Da Wu will defend the thesis (online) on May 12. A popular science summary is given below. For more information, see the links at the bottom of the page.
Process modeling of liquid composite molding processes
Composite materials are the most advanced and adaptable engineering materials known to man. They are only a few decades old, but the evolution of composites and manufacturing process is rapid. All manufacturing techniques aim to bind fiber reinforcements together with polymer matrices. The matrix gives the composite shape, appearance, and durability. At the same time, the fiber reinforcement carries the structural loads to provide stiffness and strength. Any successful composite manufacturing process boils down to how to control temperatures and pressures throughout the process. Sufficient pressure can force the matrix to fill out the entire fiber bed, and the right temperature held for a suitable period will stabilize the dimensions of composites. Due to the flexible combinations of pressures and temperatures, it is very difficult to tell if one process is good. The balance between high properties and low costs challenges all manufacturers. The trial-and-error approach is avoided, but the virtual numerical experiment is emerging. To develop a good numerical solution, we need to understand the physical mechanism and build mathematical models for the selected process.

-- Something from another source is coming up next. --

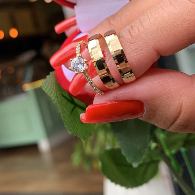 Trio de Alianças Infinity 4mm + Anel Solitário Realeza em Ouro 18k/750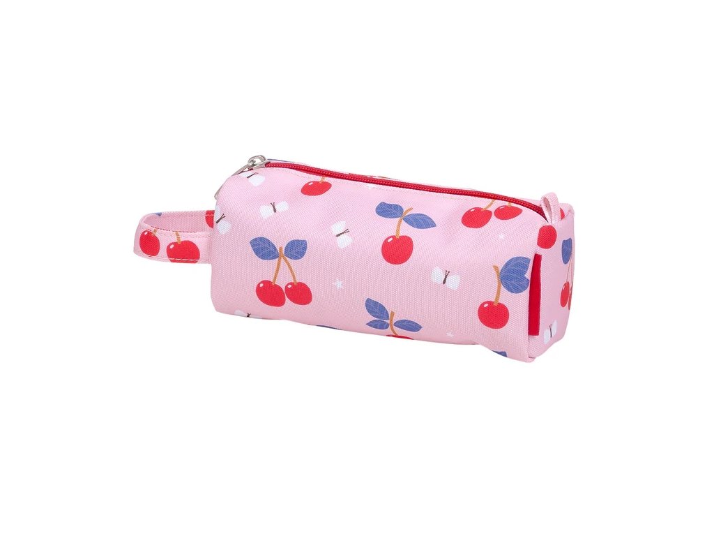 Acest penar spațios, căptușit, cu o buclă practică, păstrează toate pixurile și creioanele în siguranță într-un singur loc. Se potrivește perfect cu rucsacul cu motiv de cireșe – creează un set școlar elegant!

In this thesis, we define the problem of the liquid composite molding process and formulate the problem as mathematical equations through fundamental continuum mechanics. We also made assumptions to simplify the problem. Once the model is developed, we verify and validate the model. By using the proposed model, we can run simulations on computers to mimic the real manufacturing process of polymer composites. Now, you may answer the questions asked at the beginning by yourself, if you run our model with some settings and clicks.